Les arguments cyniques et infâmes utilisés par les autorités politiques israéliennes pour justifier les suites des opérations, relayés complaisamment par un certain nombre de médias tout à leur joie de suivre une armée « en action », ne font plus effet. La société israélienne est fracturée, les Palestiniens vivent dans la peur permanente, y compris en Cisjordanie où les colons commettent des exactions chaque jour. Le cycle de violences se déploie même au-delà des frontières, où les rivalités géopolitiques font craindre un embrasement régional. Le pyromane Benyamin Netanyahou n’en a cure et cherche même sa survie politique dans cet attisement des conflits.


Ces mêmes colons disent tout haut ce que pense une grande partie de l’establishment israélien : les Palestiniens n’auront pas le droit à disposer d’une liberté politique avec un État souverain. Ils seront au mieux à leurs yeux des populations marginalisées, au pire vouées à disparaître. Il est clair que, dans le vacarme des bombes, le colonialisme israélien veut en finir avec le projet national palestinien. Les horreurs du Hamas, sa logique islamiste et ses actions terroristes ne peuvent justifier la tentative d’annihiler le droit légitime du peuple palestinien à exister, conformément aux résolutions internationales.


L’ouverture de la procédure pour « crime génocidaire », portée à la Cour internationale de justice (CIJ) par l’Afrique du Sud et des collectifs d’avocats, montre la gravité des crimes commis par l’armée israélienne depuis octobre dernier. Le nettoyage ethnique, confirmé par les multiples déclarations d’officiels israéliens qui appellent à se débarrasser des Palestiniens ou à les expulser, dans des pays voisins voire en Afrique, valide nos pires craintes.
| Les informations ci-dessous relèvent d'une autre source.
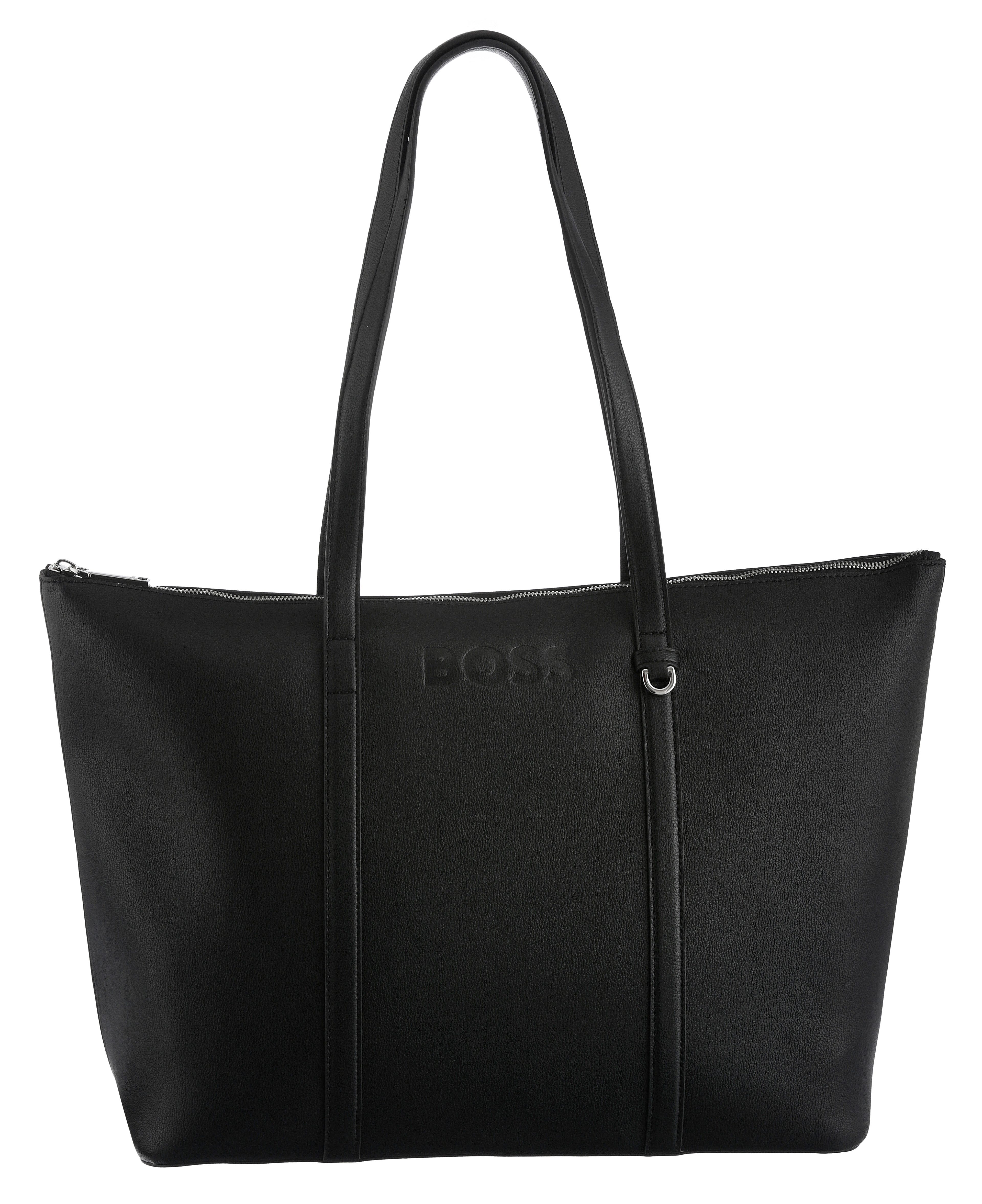 Die BOSS Henkeltasche "Addison New Tote" ist ein Accessoire, das moderne Eleganz mit praktischer Vielseitigkeit vereint. Hergestellt aus einer hochwertigen Mischung aus Lederimitat und Textil, bietet diese Tasche nicht nur eine ansprechende Optik, sondern auch die Strapazierfähigkeit, die für den anspruchsvollen Alltag benötigt wird. Mit beeindruckenden Maßen von ca. 48 cm in der Breite, 30 cm in der Höhe und 19 cm in der Tiefe ist die "Addison New Tote" großzügig dimensioniert, um all deine Essentials und mehr stilvoll zu verstauen. Das geräumige Hauptfach mit Reißverschluss sorgt dafür, dass deine Sachen sicher und organisiert bleiben, egal ob du im Büro, beim Einkaufen oder auf Reisen bist. Das Design der BOSS Henkeltasche "Addison New Tote" strahlt zeitlose Raffinesse aus und ist dabei universell kombinierbar, um deinen individuellen Stil zu unterstreichen. Die klaren Linien und das subtile Markendetail verleihen der Tasche ein elegantes Finish, das jedes Outfit aufwertet. Diese Henkeltasche ist mehr als nur praktisch – sie ist ein modisches Statement, das deinen Sinn für Stil und Qualität widerspiegelt. Egal, ob du dich für eine lässige oder formelle Garderobe entscheidest, die "Addison New Tote" ergänzt jeden Look mit einer edlen Note.

Le silence, complice, des puissances occidentales a fini d’user leur crédit sur la scène internationale avec une rhétorique humaniste à géométrie variable. Malgré l’utilisation cynique de la souffrance des Palestiniens par certains États, il ne faut pas oublier l’essentiel. Le cessez-le-feu est prioritaire et urgent. Les besoins du peuple palestinien devront être l’élément cardinal d’une reconstruction politique et sociale. La voix des peuples doit résonner plus fort dans les cortèges et les actions pour contraindre nos États et les autres acteurs à tracer la voie d’une paix juste et durable, qui passe obligatoirement par l’application, enfin, du droit international.